Exercise:
Would you please return only the lines from the one with "Shiba Inu price" through the last line of the records below, leaving the pictures out?

Exercise material:
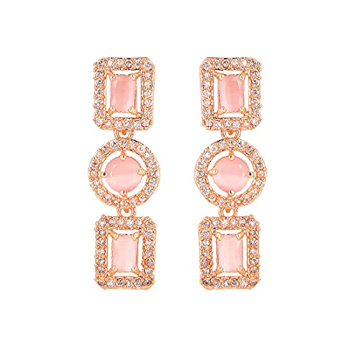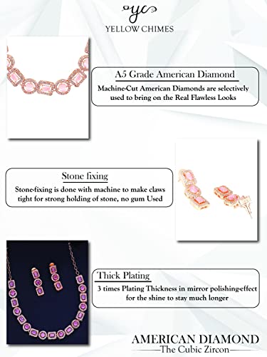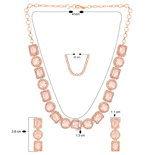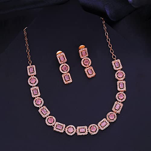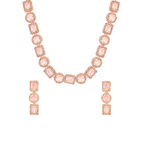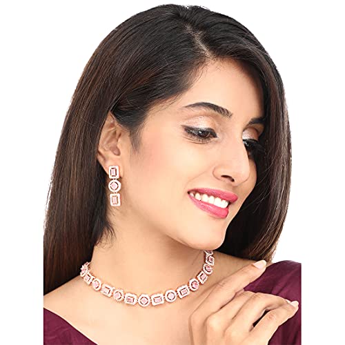 Elegant and lovely Stylish Pretty Party Wear Designer Contemporary PieceThis Rose Gold Plated American Diamond Necklace Set Designer Jewellery Set with Drop Earrings A5 Grade clarity is Stunning & Preciously Suitable for all kinds of occasions. Beautiful Looks at One Glance - with Intricate High Polish creates Glamorous Reflections and adds Luxurious Looks.Produced under Quality Control; One by One Checking; Focus on Detail Processing. Top Quality/ Latest Trend Design/Anti-Allergy.
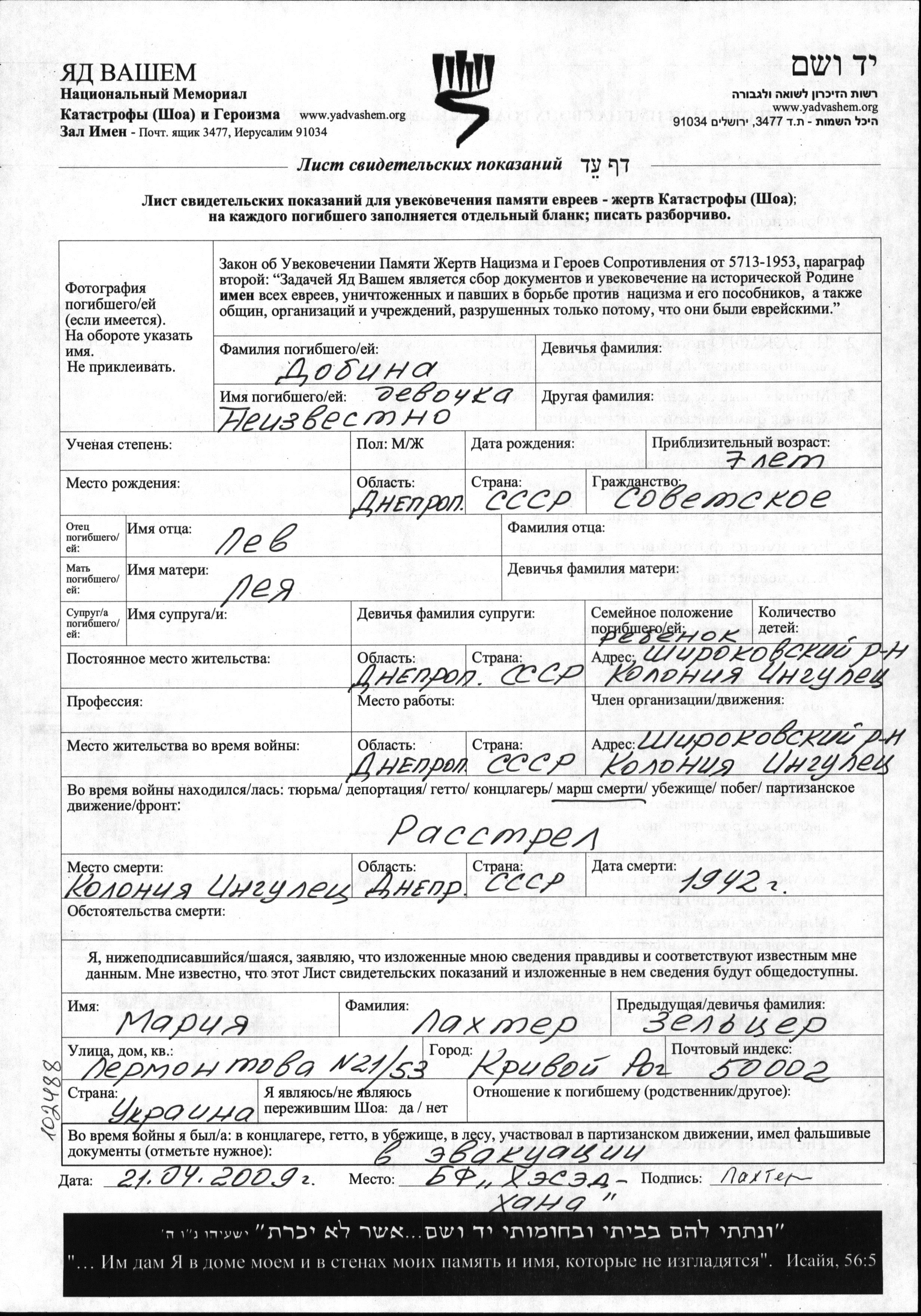 Dobina First name unknown Ingulets, Ukraine (USSR) Page of Testimony
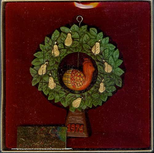 This 1976 Hallmark Keepsake Ornament features a partridge that twirls inside of the center of the ornament, which is a tree filled with other partridges.
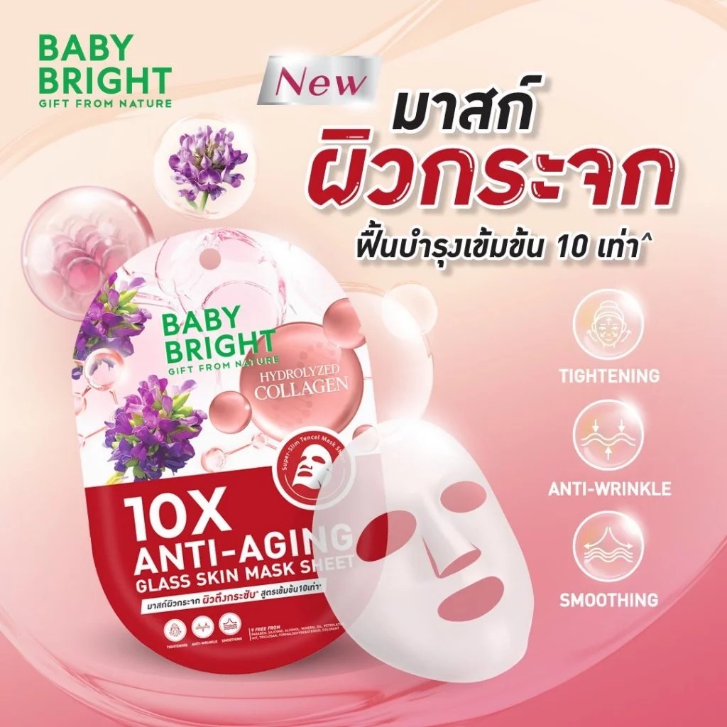 🔥แท้/ถูกที่สุด/ไลฟ์ทุกวัน🔥(1ซอง) Baby Bright 10X Brightening Glass Skin Mask Sheet 20g
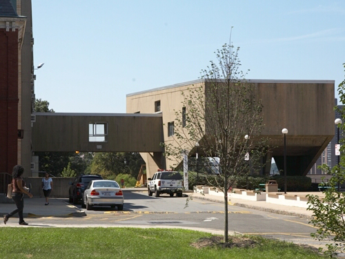 Breuer’s abrupt, functional linkages of unrelated sizes and shapes are an exciting alternative to the formality of Stanford White. But it must be admitted that alongside the elegance and finish of the original buildings, Breuer’s seem disappointingly crude. Strip windows and a yellow brick veneer do nothing to enliven boxy Gould Hall, and Breuer’s signature entrance canopy—a flared concrete scoop which undergraduates call “the potato chip”— is out of contention with the library’s glorious Roman porch (with which it is feistily aligned).
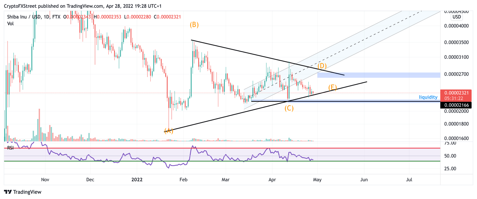Shiba Inu price has given reasons to believe in a 17% uptrend rally in the coming days. The SHIBA price appears to be coiling into a triangle pattern, having printed 3 of the 5 necessary swings. Analyzing the technicals, waves A, B, fit textbook triangle criteria as they display choppy and sometimes unpredictable directional changes.
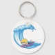 A surfing boy riding his board on a big wave. This design looks really effective on these Keychain
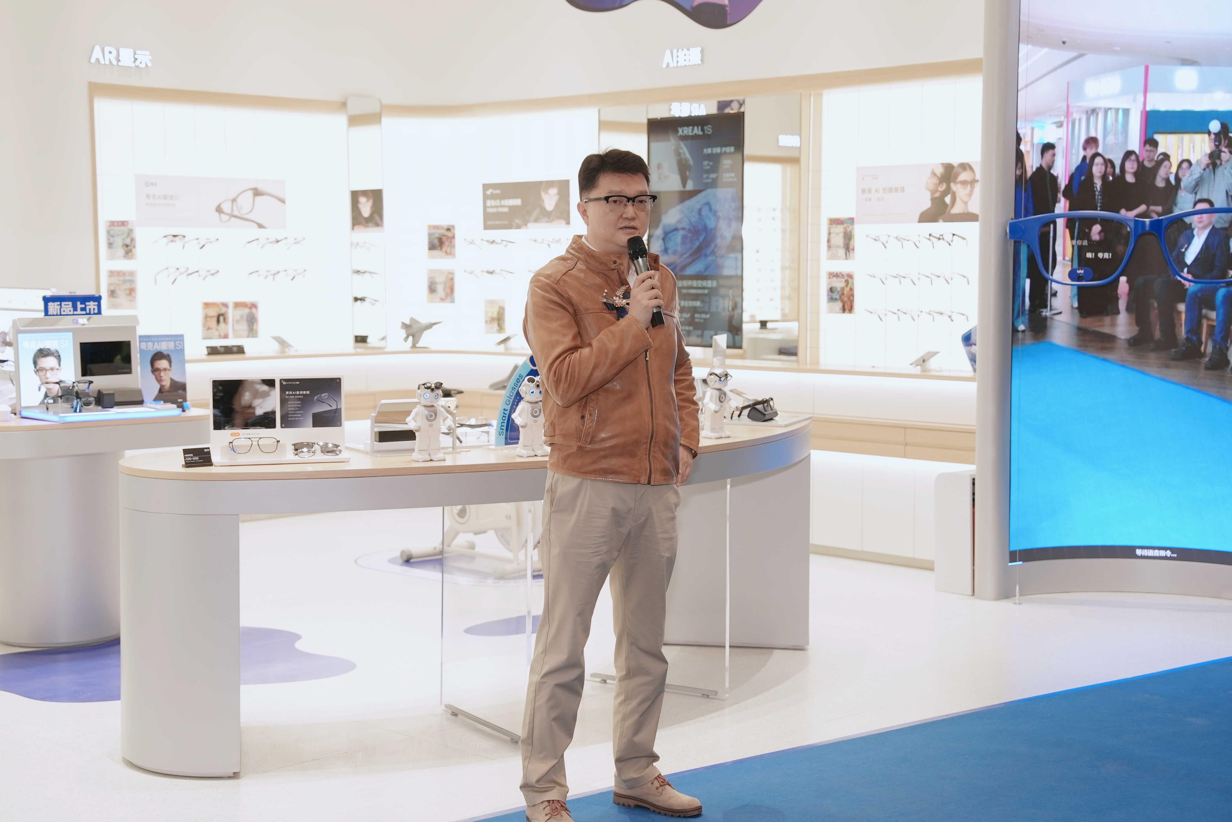 店内汇聚市面上一线的智能眼镜产品,覆盖音频、拍摄、光波导显示、观影四大功能类别,致力于构建起“品类最全、款式最丰”的产品矩阵。现场除陈列雷鸟、XREAL等设备外,还设置了多元化特色体验区,消费者可在模拟骑行中,体验夸克、魅族等品牌的AR导航;或在社交场景中,使用李未可、界环、影目等音频眼镜的开放音腔与实时翻译功能;还可以一站式感知暴龙AI智能眼镜语音拍照的实用价值。
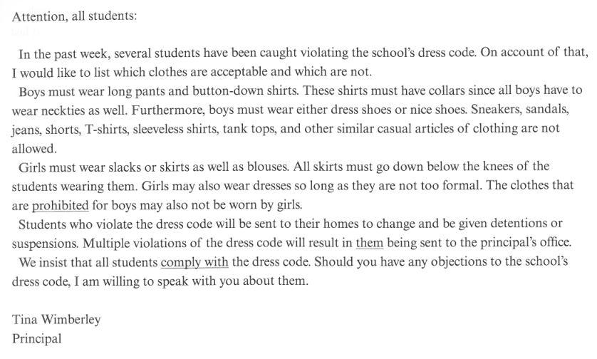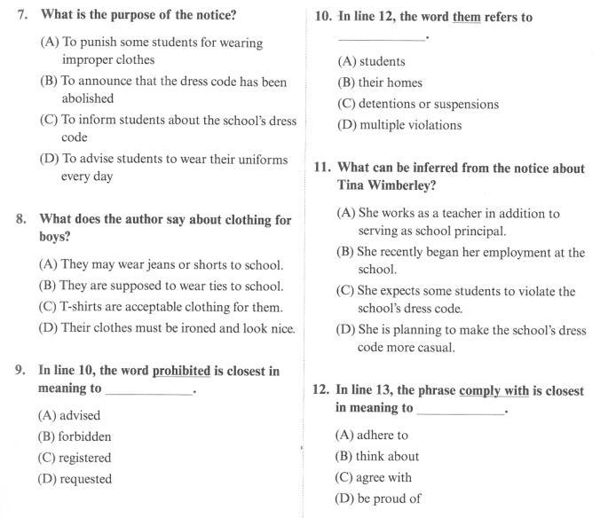 Key: 7 C 文章開頭“I would like to list which clothes are acceptable and which are not. ”可知這則通知的主旨。 8 B 從第二段:These shirts must have collars since all boys have to wear neckties as well. neckties:領結。 9 B prohibited=forbidden 禁止的 10 A 11C 這是一篇關于punishments for students who violate the school's dress code的文章,所以可以推斷Tina Wimberley預計學生會違反學校的著裝規定。 12 A comply with=follow=adhere to vocabulary: violate: 違反 dress code: 著裝規定 on account of : 由于,基于 button-down shirts:有紐扣的襯衫 neckties: 領結 sleeveless shirts: 無袖襯衫 tank tops: 背心 slacks:寬松長褲 prohibit: 禁止 detention: 放學后留校 result in : 導致,造成 comply with: 遵守 objection: 異議
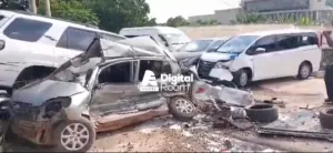 A fuel tanker carrying 54,000 litres of petrol has crashed into several used vehicles displayed at a garage for sale by the roadside at Ahodwo in Kumasi, near +2 Pub.
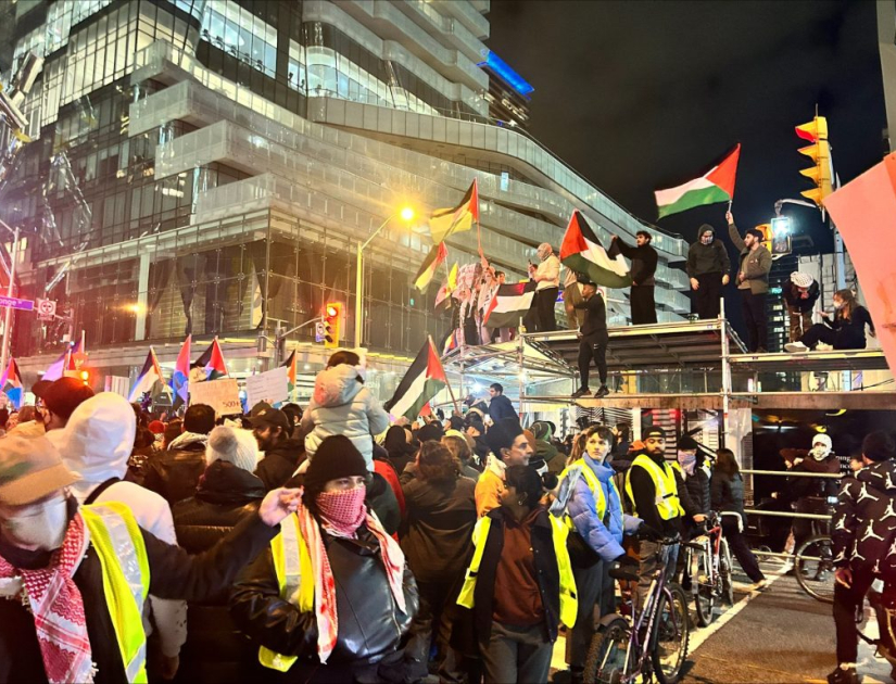 Demonstracja w Toronto zorganizowana przez Palestyński Ruch Młodzieży miała miejsce przed izraelskim konsulatem w rejonie Bloor Street oraz Yonge Street i wymusiła zamknięcie kilku ulic.
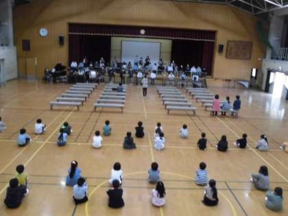 すごくよい姿勢で真剣に合奏を聴いてくれた2年生・3年生
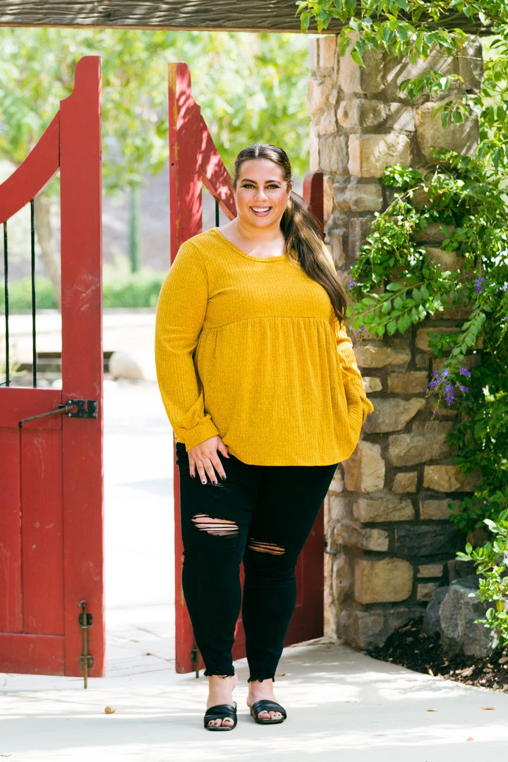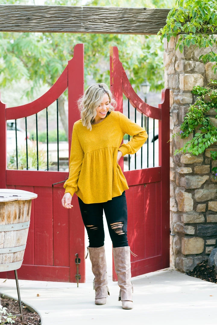 This gorgeous two-tone hacci babydoll tunic is not only super soft, but it’s such a flattering classic piece. Featuring a scoop neckΒ and long bubled sleeves.
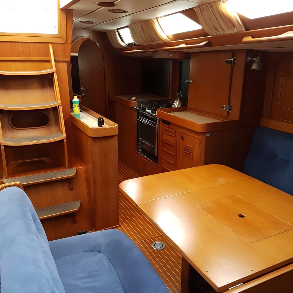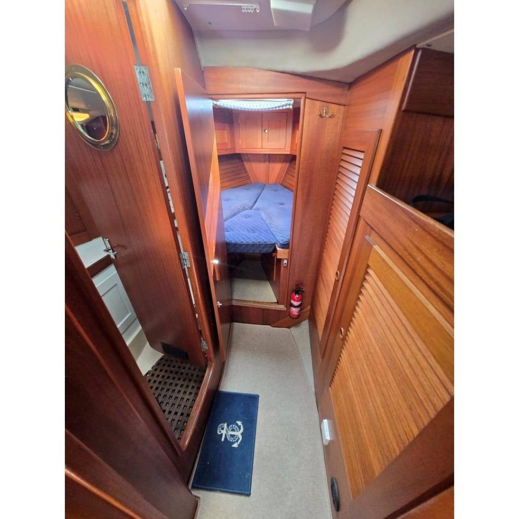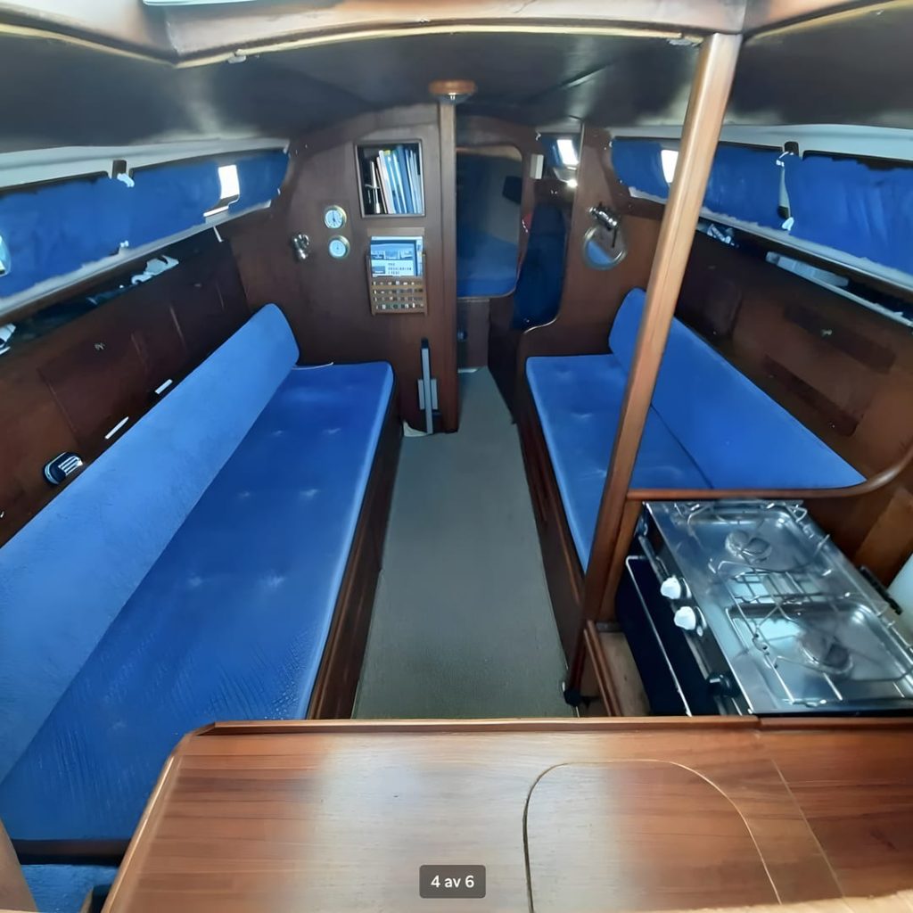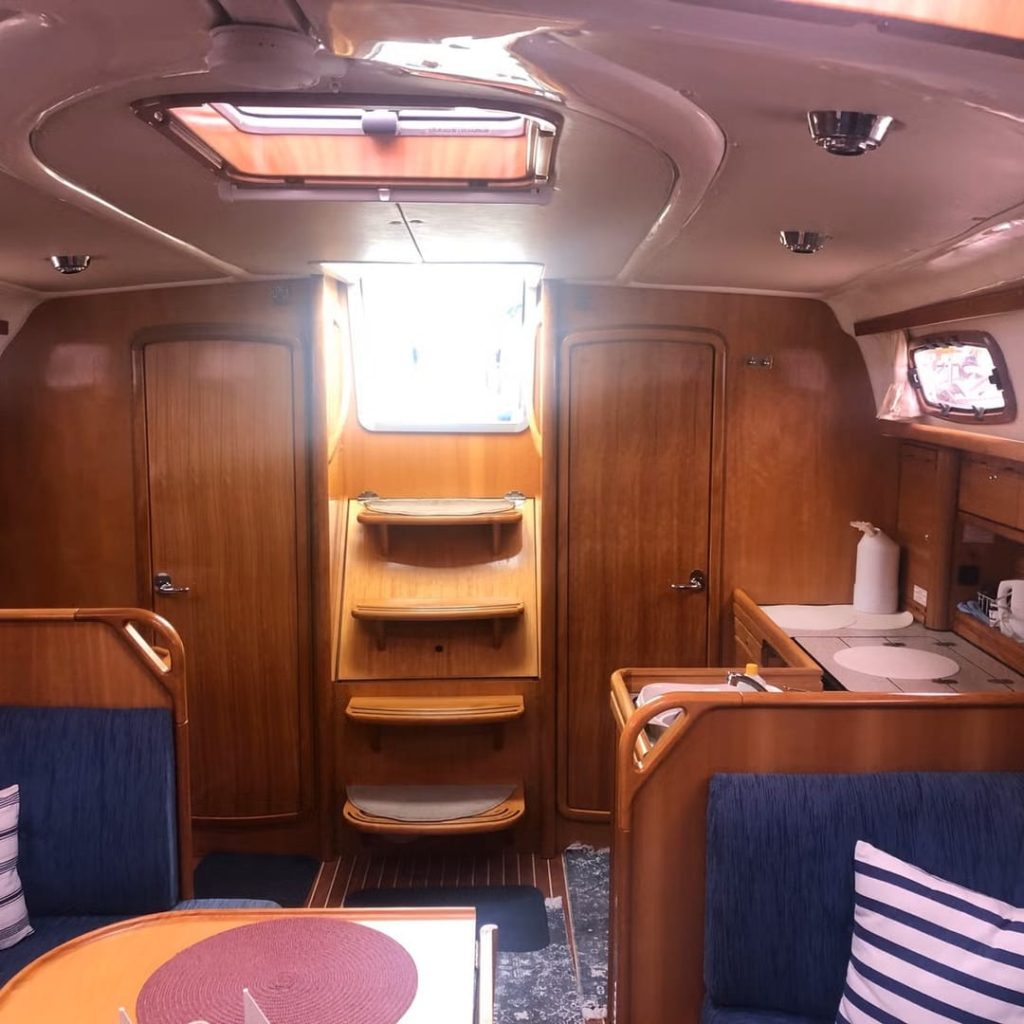 The interior is in excellent condition for a Bavaria of this age. The woodwork and upholstery show careful maintenance, as seen in the photos. Storage is practical, with deep lockers and extra space accessible from the cockpit.

Reply:
Shiba Inu price has given reasons to believe in a 17% uptrend rally in the coming days. The SHIBA price appears to be coiling into a triangle pattern, having printed 3 of the 5 necessary swings. Analyzing the technicals, waves A, B, fit textbook triangle criteria as they display choppy and sometimes unpredictable directional changes.
 A surfing boy riding his board on a big wave. This design looks really effective on these Keychain
 店内汇聚市面上一线的智能眼镜产品,覆盖音频、拍摄、光波导显示、观影四大功能类别,致力于构建起“品类最全、款式最丰”的产品矩阵。现场除陈列雷鸟、XREAL等设备外,还设置了多元化特色体验区,消费者可在模拟骑行中,体验夸克、魅族等品牌的AR导航;或在社交场景中,使用李未可、界环、影目等音频眼镜的开放音腔与实时翻译功能;还可以一站式感知暴龙AI智能眼镜语音拍照的实用价值。
 Key: 7 C 文章開頭“I would like to list which clothes are acceptable and which are not. ”可知這則通知的主旨。 8 B 從第二段:These shirts must have collars since all boys have to wear neckties as well. neckties:領結。 9 B prohibited=forbidden 禁止的 10 A 11C 這是一篇關于punishments for students who violate the school's dress code的文章,所以可以推斷Tina Wimberley預計學生會違反學校的著裝規定。 12 A comply with=follow=adhere to vocabulary: violate: 違反 dress code: 著裝規定 on account of : 由于,基于 button-down shirts:有紐扣的襯衫 neckties: 領結 sleeveless shirts: 無袖襯衫 tank tops: 背心 slacks:寬松長褲 prohibit: 禁止 detention: 放學后留校 result in : 導致,造成 comply with: 遵守 objection: 異議
 A fuel tanker carrying 54,000 litres of petrol has crashed into several used vehicles displayed at a garage for sale by the roadside at Ahodwo in Kumasi, near +2 Pub.
 Demonstracja w Toronto zorganizowana przez Palestyński Ruch Młodzieży miała miejsce przed izraelskim konsulatem w rejonie Bloor Street oraz Yonge Street i wymusiła zamknięcie kilku ulic.
 すごくよい姿勢で真剣に合奏を聴いてくれた2年生・3年生
 This gorgeous two-tone hacci babydoll tunic is not only super soft, but it’s such a flattering classic piece. Featuring a scoop neckΒ and long bubled sleeves.
 The interior is in excellent condition for a Bavaria of this age. The woodwork and upholstery show careful maintenance, as seen in the photos. Storage is practical, with deep lockers and extra space accessible from the cockpit.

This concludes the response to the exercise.